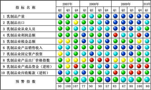 灯号:一季度,中经乳制品产业预警灯号为“浅蓝灯”。在构成中经乳制品产业预警指数的10个指标(仅剔除季节因素,保留随机因素)中,位于“红灯区”的有1个指标———产成品资金(逆转⑤);位于“绿灯区”的有3个指标———从业人员、产品出厂价格指数和应收账款(逆转);位于“浅蓝灯区”的有4个指标———出口额、税金总额、产品销售收入和固定资产投资,其中出口额和产品销售收入在连续五个季度处于“蓝灯区”后,本季度均有所好转,进入“浅蓝灯区”;位于“蓝灯区”的有2个指标———产量和利润总额。
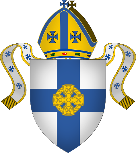 BlazonShield: Argent on a cross Azure a celtic cross Or. |
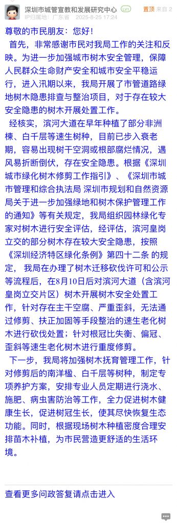 經(jīng)核實(shí),濱河大道在早年種植了部分非洲楝、白千層等速生樹種,目前已步入衰老期,容易出現(xiàn)樹干空洞或根部腐爛情況,遇風(fēng)易折斷倒伏,存在安全隱患。根據(jù)《深圳城市綠化樹木修剪工作指引》、《深圳市城市管理和綜合執(zhí)法局 深圳市規(guī)劃和自然資源局關(guān)于進(jìn)一步加強(qiáng)綠地和樹木保護(hù)管理工作的通知》等有關(guān)規(guī)定,我局組織園林綠化專家對(duì)樹木進(jìn)行安全評(píng)估,經(jīng)評(píng)估,濱河皇崗立交的部分樹木存在較大安全隱患,按照《深圳經(jīng)濟(jì)特區(qū)綠化條例》第四十二條 的規(guī)定, 我局在辦理了樹木遷移砍伐許可和公示等流程后,在8月10日后對(duì)濱河大道(含濱河皇崗立交片區(qū))樹木開展樹木安全處置工作,針對(duì)存在主干空腐、嚴(yán)重歪斜,無(wú)法通過(guò)修剪、扶正加固等手段整治的速生老化樹木進(jìn)行砍伐處置;針對(duì)根冠比失衡、偏冠、歪斜等速生老化樹木進(jìn)行重度修剪。
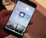 The first view you see after you unlock the phone (with a side swipe) is a Scope card showing the date, today’s weather and any upcoming events in your calendar. Swiping across brings in additional themed Scopes, such as one called Nearby which serves up location specific content such as nearby restaurants, pulled from Time Out (one of the handful of third party app makers supporting the platform at launch).
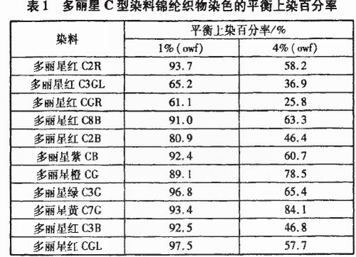 表l為多麗星c型系列染料染錦綸織物時的平衡上染百分率。由表1可知,多麗星C系列染料的平衡上染百分率因染料品鐘而異。紅C2R、紅C8B、紫CB、綠C3G和紅CGL等染料在l%(owf)染色濃度時,平衡上染百分率在90%以上;而染色濃度為4%(owf) 時,僅多麗星橙CG幫黃C7G豹上染吾分率達(dá)約%竣上,其它染料均較低。這是因?yàn)殄\綸纖維的染座數(shù)量不變,達(dá)到飽和值,再增加染料濃度,平衡吸附百分率反而下降。
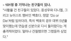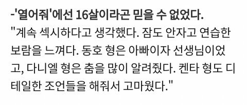 애들이 진짜 연생들사이에서 되게 큰 기둥같은 역할을 했겠구나 싶음.. 솔직히 자기 6년차 데뷔했었다고 좀 으시대거나 어깨힘주고다녔으면 저런 미담들이 방송끝나고 우수수나오고 여기저기서 언급해줄리가없음
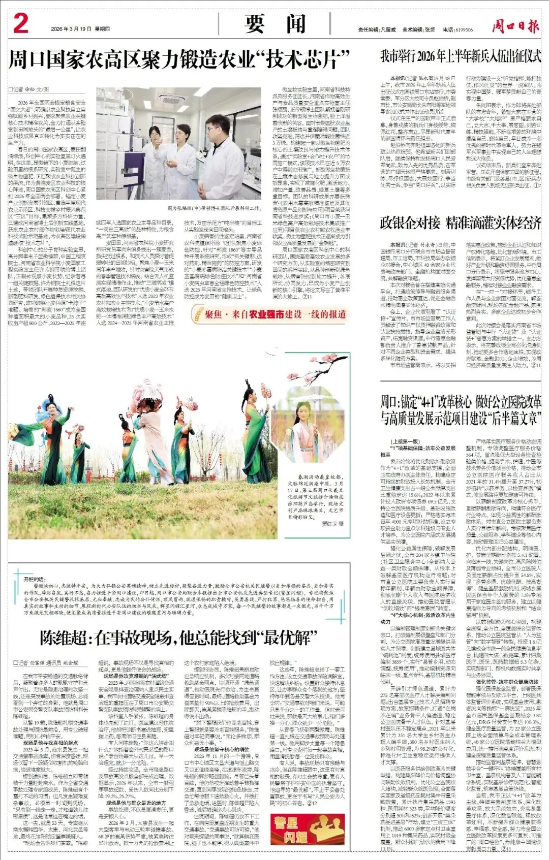 春日的周口国家农高区,麦田翻涌绿浪,科创中心的实验室里灯火通明。在这里,显微镜下的小麦细胞、试验田里的根系研究、实验室中诞生的微生物菌肥,正汇聚成农业科技创新的洪流。作为黄淮麦区农业科技的核心阵地,周口国家农高区科创中心紧扣2026年全国两会部署,锚定小麦产业创新发展引领区、黄淮平原现代农业示范区、科技支撑乡村振兴典范区“三区”目标,集聚多方科研力量,已建成河南省博士后创新实践基地,获批农业农村部作物栽培现代农业科技试验示范基地,为农高区建设锻造硬核“技术芯片”。
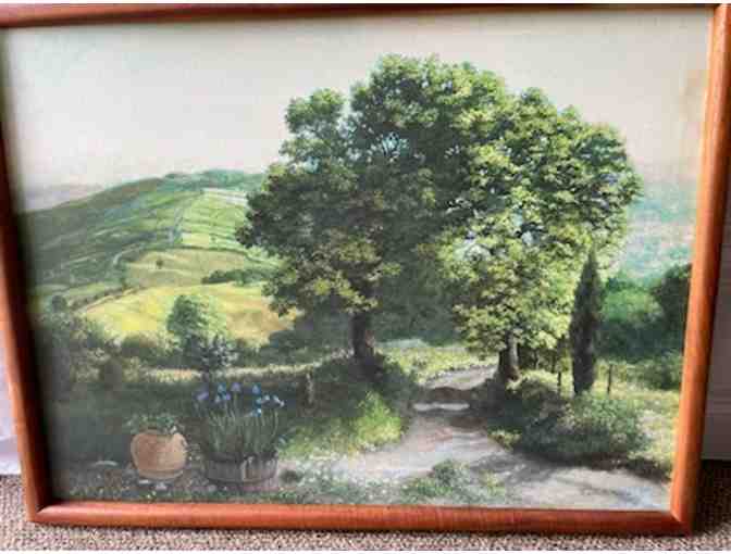 Solid Koa wood framed "Italian Countryside" by Edwin Kayton. (23"x17")
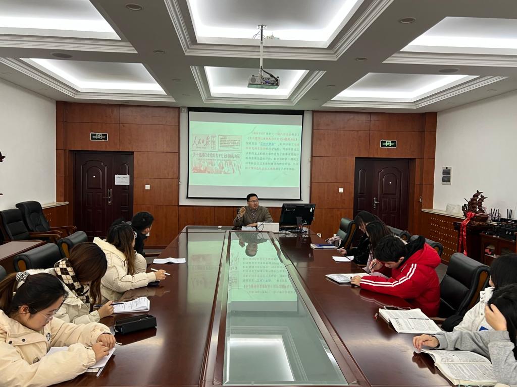 12月27日,伟德victor1946党委书记潘伟国为行政管理2020-2班全体同学宣讲党的十九届六中全会精神。
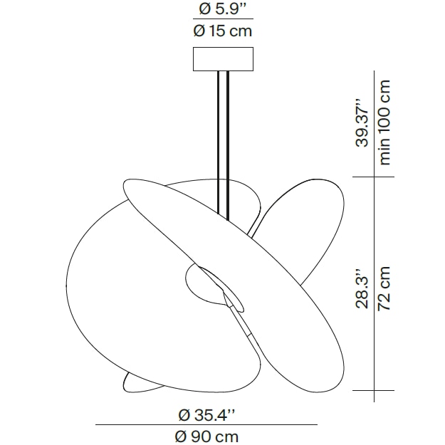 Levante (the name suggests lightness and wind, but also a clear reference to oriental aesthetics) stems from the intersection of three large fans, made in an unprecedented material for the design sector, borrowed from the world of food, with an appearance similar to rice paper, to spread light in a uniform way over surfaces.
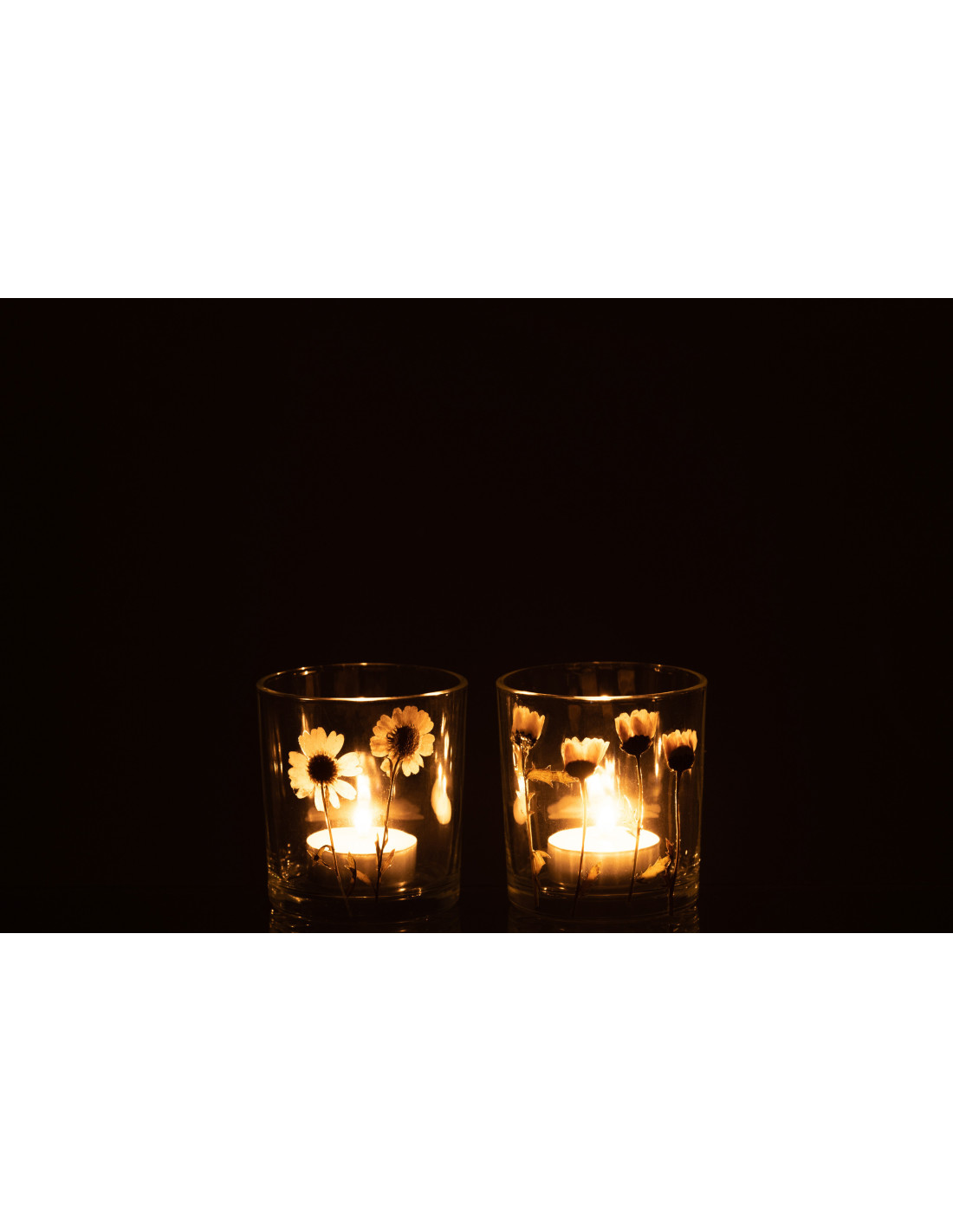 Photophore Cylindrique Diamètre 7 cm en Verre Transparent Motif marguerites Chrysan (Lot de 2) - 1

--------------------------------------------------

What to do. Go through the data above and print exactly the lines from its first line through the line holding "Levante (the name", both included, leaving pictures aside.

Expected output.
 灯号:一季度,中经乳制品产业预警灯号为“浅蓝灯”。在构成中经乳制品产业预警指数的10个指标(仅剔除季节因素,保留随机因素)中,位于“红灯区”的有1个指标———产成品资金(逆转⑤);位于“绿灯区”的有3个指标———从业人员、产品出厂价格指数和应收账款(逆转);位于“浅蓝灯区”的有4个指标———出口额、税金总额、产品销售收入和固定资产投资,其中出口额和产品销售收入在连续五个季度处于“蓝灯区”后,本季度均有所好转,进入“浅蓝灯区”;位于“蓝灯区”的有2个指标———产量和利润总额。
 BlazonShield: Argent on a cross Azure a celtic cross Or. |
 經(jīng)核實(shí),濱河大道在早年種植了部分非洲楝、白千層等速生樹種,目前已步入衰老期,容易出現(xiàn)樹干空洞或根部腐爛情況,遇風(fēng)易折斷倒伏,存在安全隱患。根據(jù)《深圳城市綠化樹木修剪工作指引》、《深圳市城市管理和綜合執(zhí)法局 深圳市規(guī)劃和自然資源局關(guān)于進(jìn)一步加強(qiáng)綠地和樹木保護(hù)管理工作的通知》等有關(guān)規(guī)定,我局組織園林綠化專家對(duì)樹木進(jìn)行安全評(píng)估,經(jīng)評(píng)估,濱河皇崗立交的部分樹木存在較大安全隱患,按照《深圳經(jīng)濟(jì)特區(qū)綠化條例》第四十二條 的規(guī)定, 我局在辦理了樹木遷移砍伐許可和公示等流程后,在8月10日后對(duì)濱河大道(含濱河皇崗立交片區(qū))樹木開展樹木安全處置工作,針對(duì)存在主干空腐、嚴(yán)重歪斜,無(wú)法通過(guò)修剪、扶正加固等手段整治的速生老化樹木進(jìn)行砍伐處置;針對(duì)根冠比失衡、偏冠、歪斜等速生老化樹木進(jìn)行重度修剪。
 The first view you see after you unlock the phone (with a side swipe) is a Scope card showing the date, today’s weather and any upcoming events in your calendar. Swiping across brings in additional themed Scopes, such as one called Nearby which serves up location specific content such as nearby restaurants, pulled from Time Out (one of the handful of third party app makers supporting the platform at launch).
 表l為多麗星c型系列染料染錦綸織物時的平衡上染百分率。由表1可知,多麗星C系列染料的平衡上染百分率因染料品鐘而異。紅C2R、紅C8B、紫CB、綠C3G和紅CGL等染料在l%(owf)染色濃度時,平衡上染百分率在90%以上;而染色濃度為4%(owf) 時,僅多麗星橙CG幫黃C7G豹上染吾分率達(dá)約%竣上,其它染料均較低。這是因?yàn)殄\綸纖維的染座數(shù)量不變,達(dá)到飽和值,再增加染料濃度,平衡吸附百分率反而下降。
 애들이 진짜 연생들사이에서 되게 큰 기둥같은 역할을 했겠구나 싶음.. 솔직히 자기 6년차 데뷔했었다고 좀 으시대거나 어깨힘주고다녔으면 저런 미담들이 방송끝나고 우수수나오고 여기저기서 언급해줄리가없음
 春日的周口国家农高区,麦田翻涌绿浪,科创中心的实验室里灯火通明。在这里,显微镜下的小麦细胞、试验田里的根系研究、实验室中诞生的微生物菌肥,正汇聚成农业科技创新的洪流。作为黄淮麦区农业科技的核心阵地,周口国家农高区科创中心紧扣2026年全国两会部署,锚定小麦产业创新发展引领区、黄淮平原现代农业示范区、科技支撑乡村振兴典范区“三区”目标,集聚多方科研力量,已建成河南省博士后创新实践基地,获批农业农村部作物栽培现代农业科技试验示范基地,为农高区建设锻造硬核“技术芯片”。
 Solid Koa wood framed "Italian Countryside" by Edwin Kayton. (23"x17")
 12月27日,伟德victor1946党委书记潘伟国为行政管理2020-2班全体同学宣讲党的十九届六中全会精神。
 Levante (the name suggests lightness and wind, but also a clear reference to oriental aesthetics) stems from the intersection of three large fans, made in an unprecedented material for the design sector, borrowed from the world of food, with an appearance similar to rice paper, to spread light in a uniform way over surfaces.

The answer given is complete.